的中率90%以上が自慢の天気予報アプリをスマホに入れています。
ところがこれが当たりません。
今日だって朝の予報が雨は午前中で止むといっていたからすっかり安心していたのに、実際には止むどころか午後になってさらに激しく降りました。
それも前を見えないくらいの土砂降り。
どうなっているんだ!とアプリを見てみたら、いつの間にか天気予報が変わっています。
午後になると予報はちゃっかりまるまる一日雨。しれっと何事もなかったかのように朝とはまったくちがう予報になっていました。
なるほど。直前に予報を変えるから的中率が9割を超えているのだと、仕組みが分かりました。
直前なら私にだって簡単に天気を予報できます。
「もうすぐ雨が降りそうな雲」は誰が見たって「もうすぐ雨が降りそうな雲」です。
この点、
占い師が人の死を予測する場合も同じで、「あなた死相が出ています」なんて偉そうにいっている占い師がいますが、そんなのは直前の天気予報と同じで、誰にでも当てられます。
がんの病院に長く勤務した私にいわせると、数カ月とか数週間など短期間以内に亡くなりそうな人は、優秀な占い師に聞くまでもなく、誰が見たって亡くなりそうな様子をしているからです。

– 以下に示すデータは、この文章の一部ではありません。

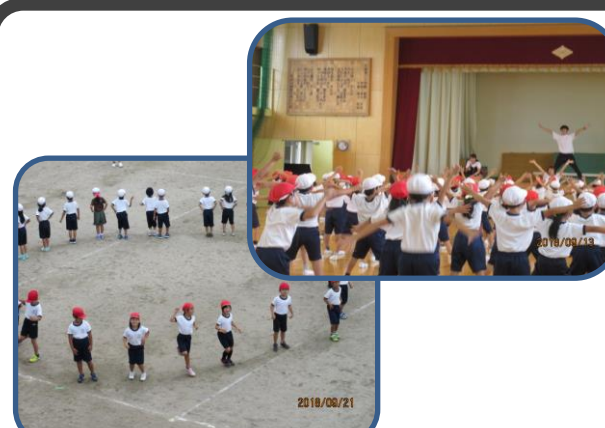
1・2年 (レッツ☆タッタ!) 身体を大きく動かして踊ります。とっても楽しそうに踊る笑顔に注目！
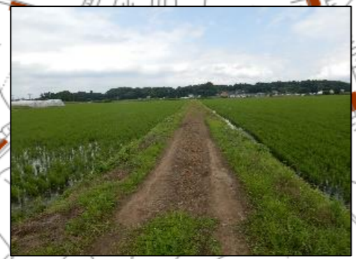
道路が狭小であり、大型農機の 通行に支障をきたしている
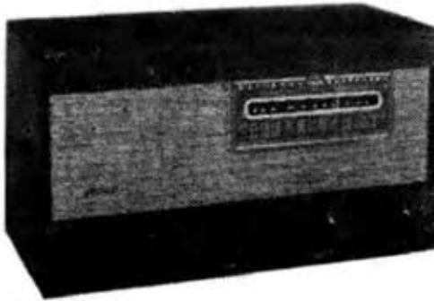
ナショナル5球スーパー (US-100L)
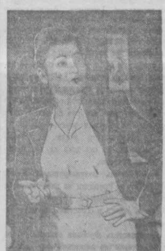
Джесси — народная артистка Узбекской ССР Сара Шангураева.

Успешно справились со своими ролями заслуженные артисты республики Наби
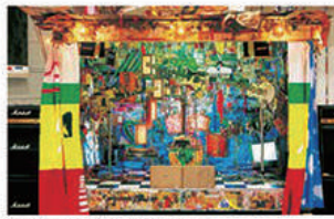
アップル・エッセイ / Apple-Note / New Chapter 1999 / 450×450×310 cm (stage) / 公財財団法人 現代美術館
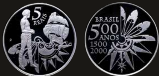
Lote 258. Brasil. Prova / Ensayo. 5 Reais 2000. Plata; 40mm; 27.92g. Bentes CP9.01; (Proof) En estuche de madera. R5 (rareza máxima) sin precio conocido. Est. 600-800
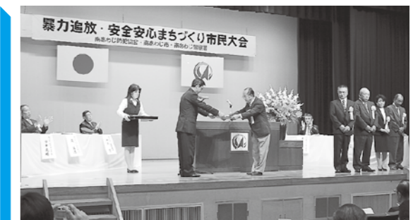
▲暴力追放・安全安心まちづくり市民大会(西淡公民館)
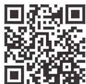
2020年10月の KPPの様子が ご覧いただけます。
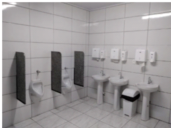
◆ Sanitários já finalizados na Estação de Guaporé.
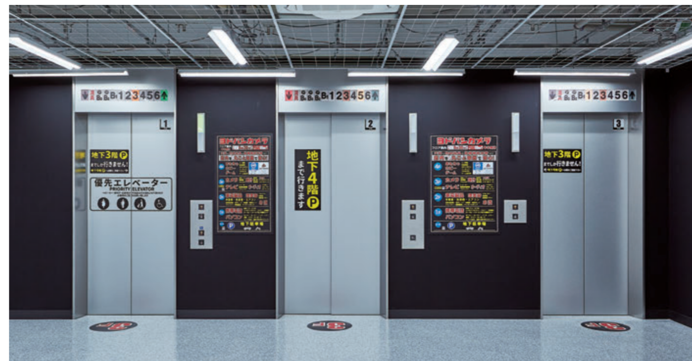
乗用24人乗りエレベーター・3階エレベーターホール
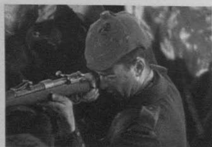
Figura 29: Sin novedad en el frente (Lewis Milestone, 1930)
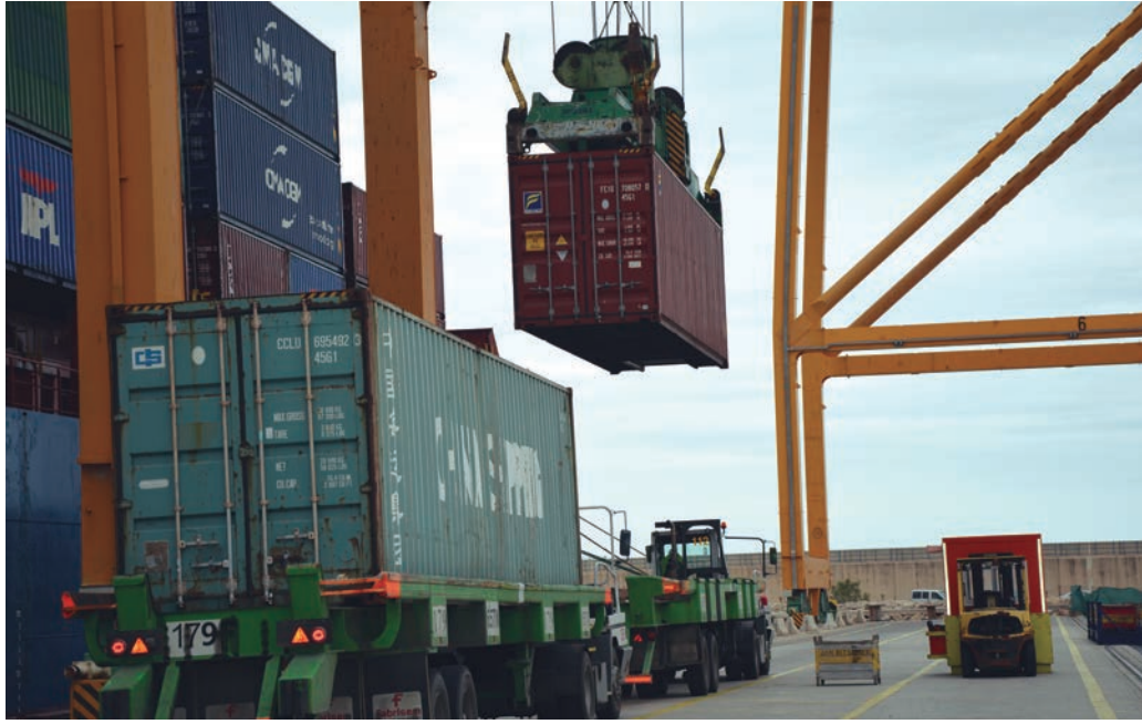
La reunión de esta tarde entre la parte social y empresarial del CPEV determinará los siguientes pasos a seguir.

El conflicto entre la parte social y empresarial en el Centro Portuario de Empleo de Valencia (CPEV) surge tras la decisión de las empresas de activar un nuevo sistema de gestión en
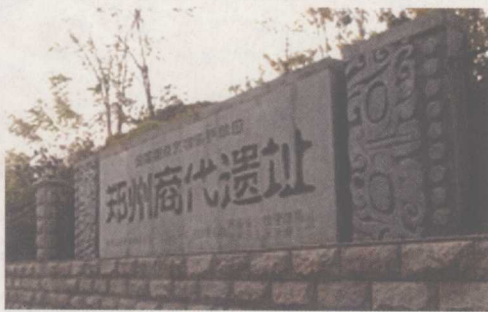
古都郑州商代遗址

历史上的中原大地长期是政治角逐、政权更迭、政体演变“你方唱罢我登场”的大舞台，发生了难以数计的重大政治事件和政治活动，积累了大量的政治
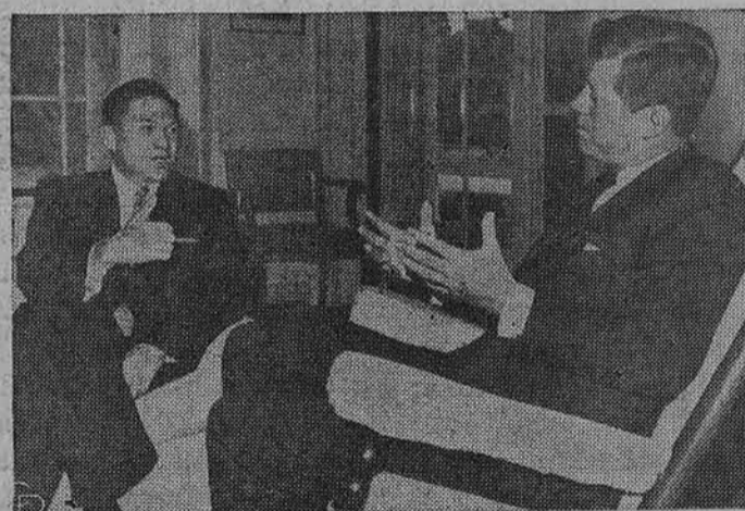
Filipinų viceprezidentas Emmanuel Pelaez (kairėje) pareiškė prezidentui Kennedžiui, kad Filipinai yra "ištikimiausias" JAV sąjungininkas pietryčių Azijoje

Visoje Italijoje ir užsienyje plačiai skaitomas religinės kultūros laikraštis "La Rocca" pasakutiniame numeryje net tris didelius puslapius paskyrė Sibiro lietuvių maldaknygei. Straipsnis iliustruotas maldų pavyzdžiais ir nuotraukomis iš
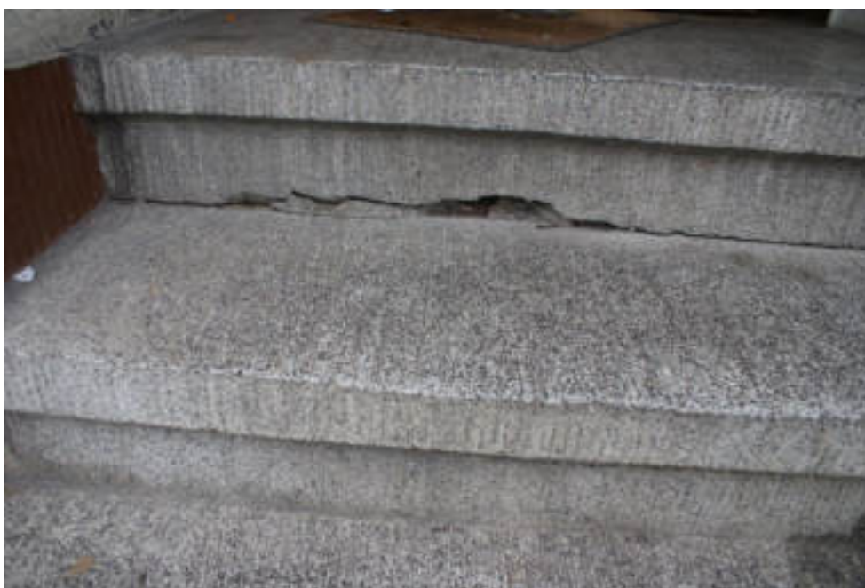
Bild 50 Starke Beschädigung der Natursteinstufen Hauseingang
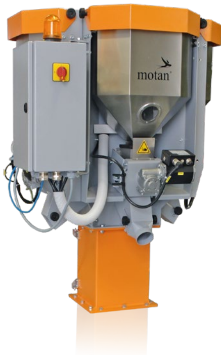
SPECTROCOLOR V tremonha de recolha com capacidade para 10L e três módulos de dosagem
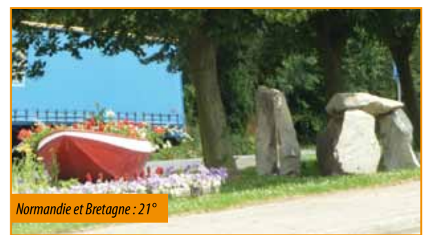
Normandie et Bretagne : 21°
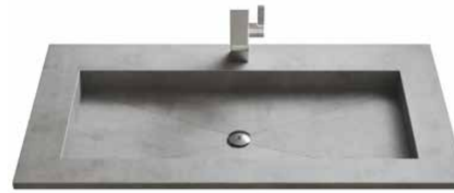
Cerablad (10 Farben) 70 | 90 | 105 | 120 | 140 cm.
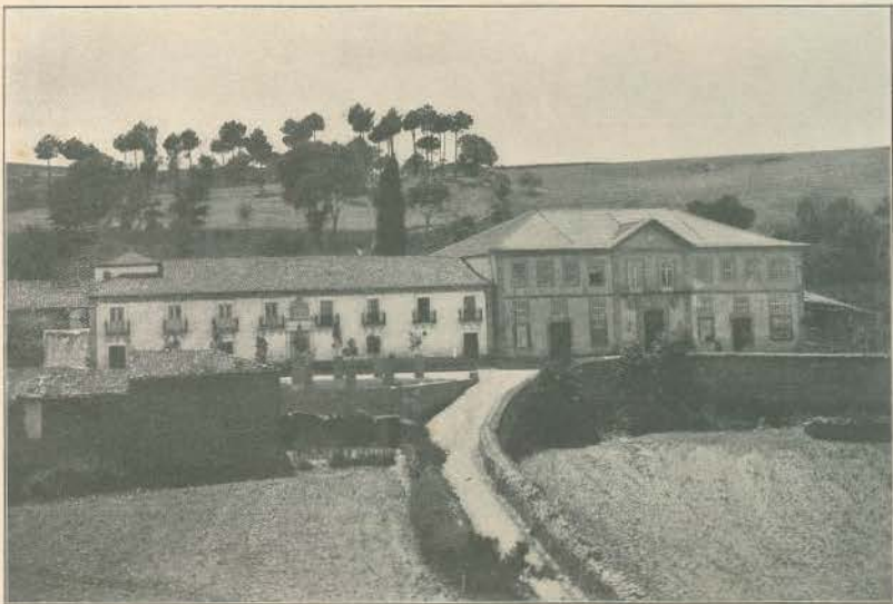
AVENIDA MARQUEZ DE SOVERAL, VISTA DO LADO DO NORTE A VIAGEM DO SR. MARQUEZ DE SOVERAL A S. JOÃO DA PESQUEIRA

A memoria d'aquelle prestigioso marinheiro que se chamou Ferreira d'Almeida e morreu em Livorno recebe agora uma homenagem que os filhos do Faro prestam aquelle que foi parlamentar distinto e official valoroso. Na casa onde nasceu em Faro, n'essa sua terra algarvia, de luz e de calor, vai ser collocada uma lapide que perpetuará a recordação do illustre official. Um grupo de amigos, com a sancção geral do povo da cidade, levou a cabo esse trabalho, essa homenagem justissima que ficará a lembrar o marinheiro cuja memoria foi e é venerada.
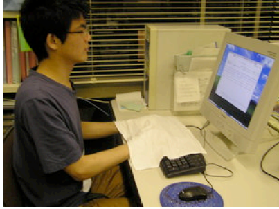
図 3: ハンカチによってキーボードを隠す

カチを配り、授業内外問わず、手の上からハンカチをかけてタイピング練習を行うように義務付ける(図 3)。
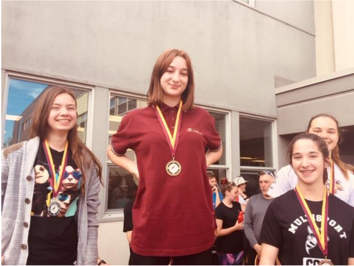
4 ème secondaire filles (4 Km)
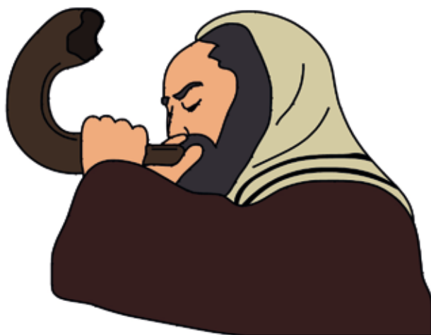
המשך בעמוד הבא
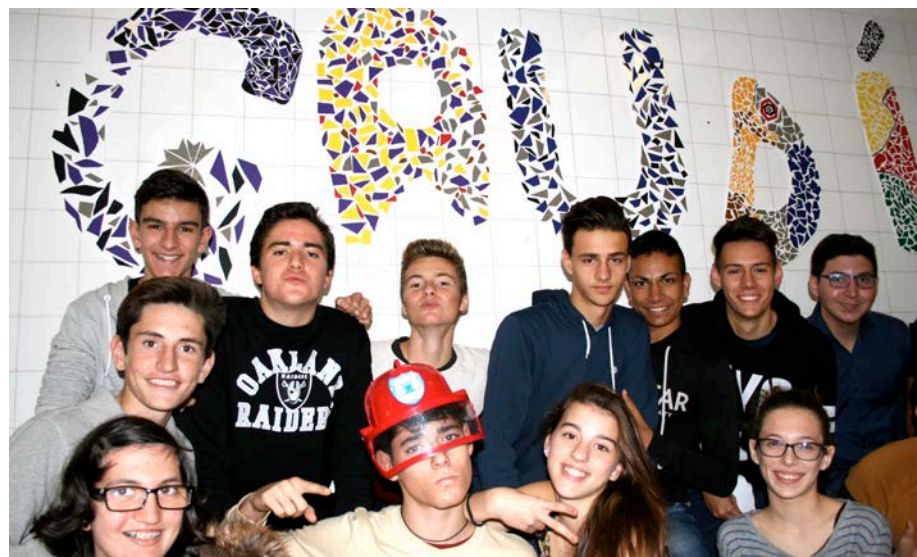
Un mural de lletres realitzades imitant el típic trencadís que utilitzava Gaudí per decorar façanes va ser una de les obres dels estudiants de 4t d'ESO.

La Porciúncula realitza una tasca social, això són projectes relacionats amb un tema en què hi prenen part totes les assignatures
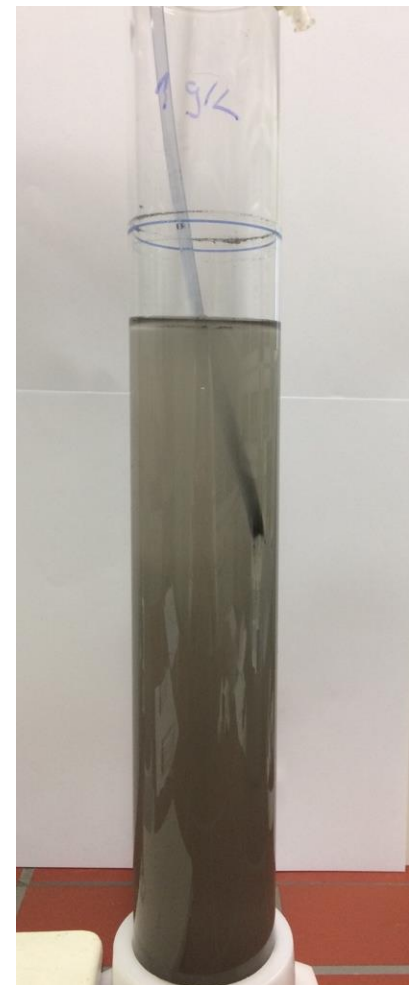
nach 2 h
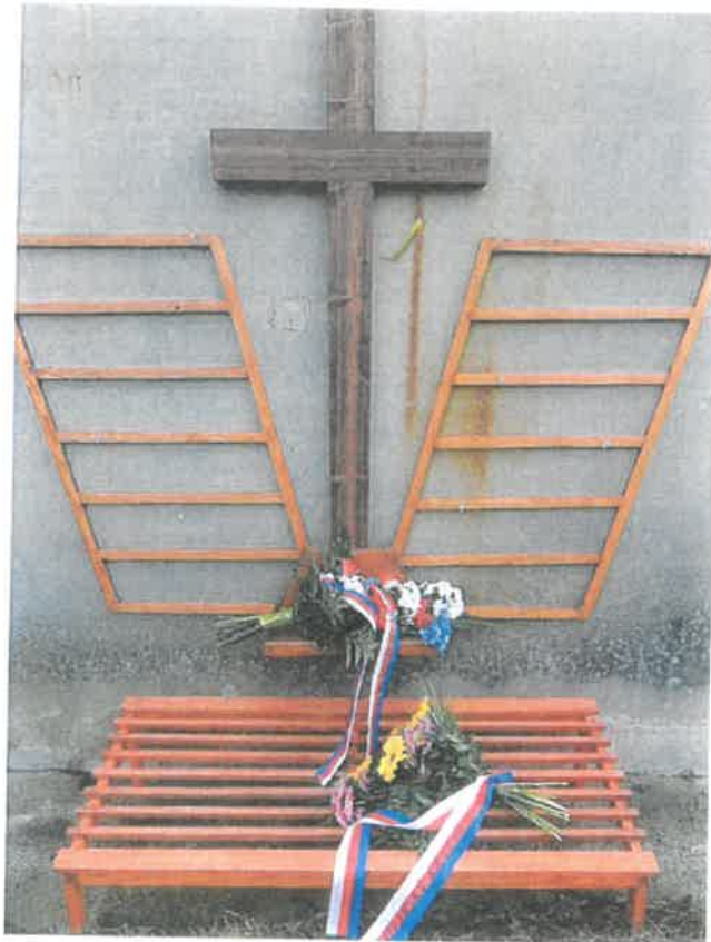
e) Přenosná dřevěná sestava (kříž a poličkou, dvě křídla na zavěšení věnců a lavičky na kytice)
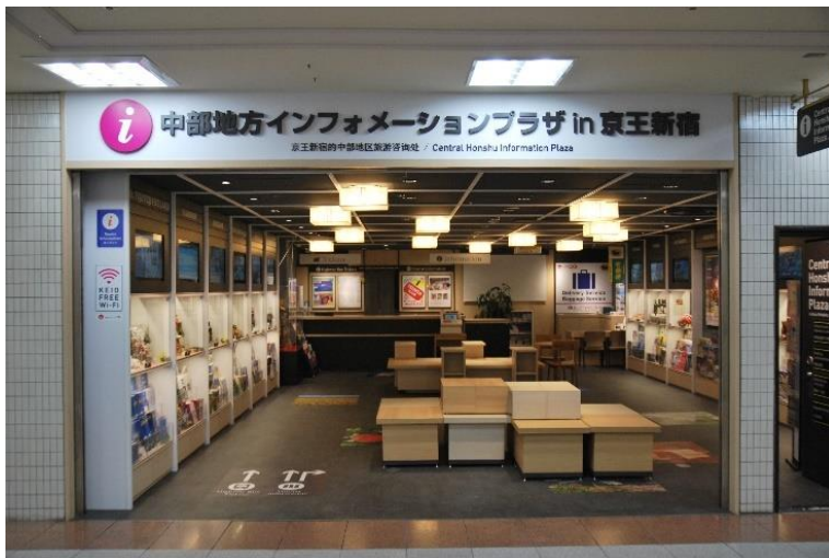
《中部地方インフォメーションプラザ in 京王新宿》
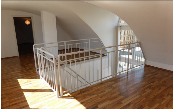
Galerie obere Ebene (2)
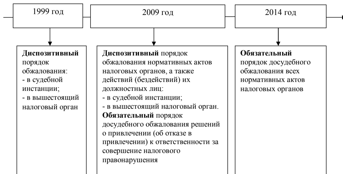
Рис. 3. История развития института урегулирования налоговых споров

Значительную часть жалоб, рассмотренных Федеральной налоговой службой, составляют жалобы, в которых оспорены решения, принятые по результатам камеральных и выездных налоговых проверок.
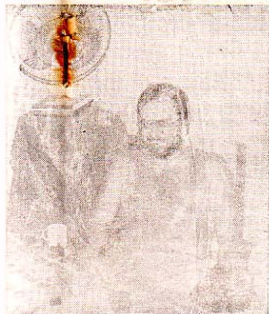
டயால் (P.L.A.) கடத்தப்பட்ட பிள்ளை அலன் தம்பதிகள்

சுழ மக்களுக்கு குடி நீர் வழங்க தனது திபுணர் களை அனுப்பி வைக்கிறதாம். வயட்னாம மக்களுக்கு எதிரான கொலைபாதகப் போரில் விசகருணைகளை வீசிய அமெரிக்கா, தற் போது விடுதலைக்காக போராடும் மத்திய அமெரிக்க மக்கள் மீது தனது இராணுவ மேலாண்மையை செலுத்தியதும் அமெரிக்கா, விடுதலை வேண்டி போராடும் எல்சலவ டேட்டர்களில் இதுவரை 40 ஆயிரம்பேரை தண்டவல் நாங்கள் மூலம் வேட்டையாடி மற்றொரு சகாதிபத்திப அமெரிக்க ஆயிரம் டிராங்ங்ங் போராடும் சுழ மக்க ளு துதாகம் கணிக்க குடி நீர் வழங்க ஆலோச கர்களை அனுப்பி உதவுகிறதாம். இந்த ஆலோசகர்க்கா மிகவும் நல்லவர்களாம். அப்பாவிக்களாம்.
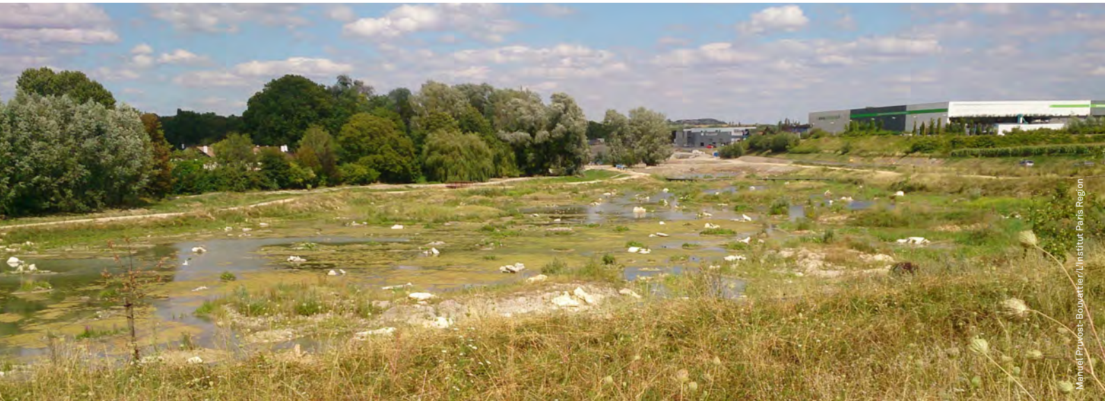
Manuel Proust-Bouquartier / Institut Paris Region
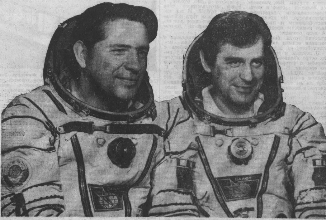
Экипаж космического корабля «Союз Т-9» — командир корабля летчик-космонавт СССР, Герой Советского Союза Владимир Афанасьевич Ляхов (слева) и бортинженер Александр Павлович Павлович.

В НОМЕРЕ Новое достижение советской космонавтики. 1 стр. Вуз: идеологическое воспитание молодежи. 2 стр. Репортаж из Ногордской области. 3 стр. Вторая победа хоккеистов «Кузбасса». 4 стр.
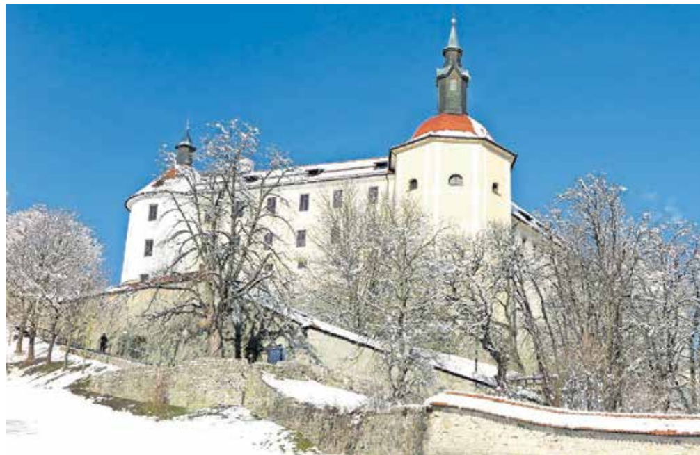
Loški grad je po zunanji in notranji prenovi ter energetski sanaciji sedaj ponos mesta.

Začela se je statična sanacija ter obnova fasade jugozahodnega oziroma okroglega stolpa, južnega in severnega dela gradu ter veznega trakta, ki grad povezuje z objektom nekdanjega Nunskega samostana. Ta je vključevala tudi celovito energetsko pre-
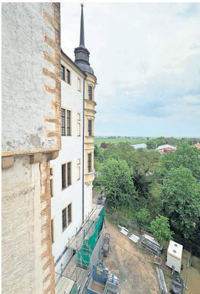
Die ersten Abschnitte der Elbfassade von Schloss Hartenfels strahlen bereits in neuem Glanz.

An der ELBSEITIGEN FASSADE von Schloss Hartenfels Torgau gehts voran
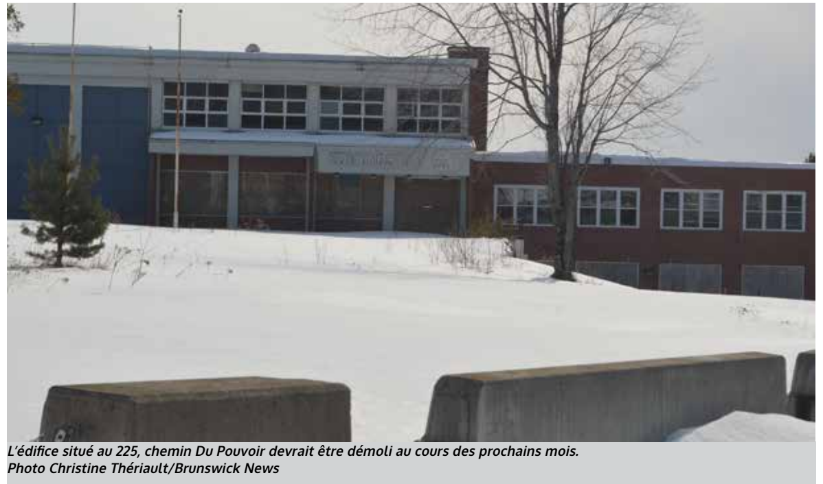
L'édifice situé au 225, chemin Du Pouvoir devrait être démoli au cours des prochains mois.

Depuis ce temps, le directeur général de la Ville d'Edmundston confirme que l'édifice continue de se détériorer et que des gens osent toujours s'aventurer à l'intérieur.

そもそも人間はみんないつかは必ず亡くなるので、「死にます」なんて占いはサルにもできるアホな未来予想といえます。
ところが、ときどき不思議な人がいました。
病院勤務時代、どこからどう見ても、もうすぐ亡くなりそうな人なのに亡くならずに元気になる人がときどき現れました。年に一人くらい。
その中年の女性は、入院してきたときお腹は腹水でパンパンに膨れ上がり、両脚は浮腫んで象の脚になっていました。しかしそれ以外の全身はガリガリに痩せこけています。
誰が見たってもうすぐ亡くなる状態。
サルが見たってよい状態とはいえません。当時、たしか医者は数カ月の余命を宣告していたと思います。
わたしは腹水と浮腫それに苦痛を取り除く鍼と整体を頼まれて施術しました。
ところがどうも様子がおかしいのです。
状態はぜんぜんよくないのに、身体に現われる施術の反応が良すぎます。どう考えてももうすぐ死ぬ人の反応ではありません。
「おかしいな。とても死ぬ人には思えない。だけど腹水はちゃんとある。変だな。どうしても元気な人に思える。だけど脚が象みたいなのはなんでなんだろう。この人に浮腫みがあるのはおかしい。」
などとブツブツ独り言をいいながら何日間か施術をしたのを覚えています。
その後、女性は腹水を抜くことで有名な病院へ転院し、私は病院を辞め高知へ引っ越し、
女性がどうなったかはわからなくなりましたが、おそらく亡くなられただろうと思っていました。
ところが昨年の暮れ、川越へ行ったとき偶然その女性と再会しました。
最後に会ってから5年以上経っています。お名前を聞いても、お顔を拝見しても誰だかわかりません。お話を聞いてようやく思い出しました。
その女性も、施術中のわたしのやかましい独り言をよく覚えておいでだったからです。
「やかましい鍼灸師だな」と施術中すごく可笑しかったと笑っていました。
いまでは腹水も両脚の浮腫もすっかり消えてなくなり、ごく普通の元気なおばさんです。
どんな占い師がみても明るい未来を予測すると思います。
今日は長い日記になりました。
アプリ予報によると、明日からもしばらくは不安定な天気が続きます。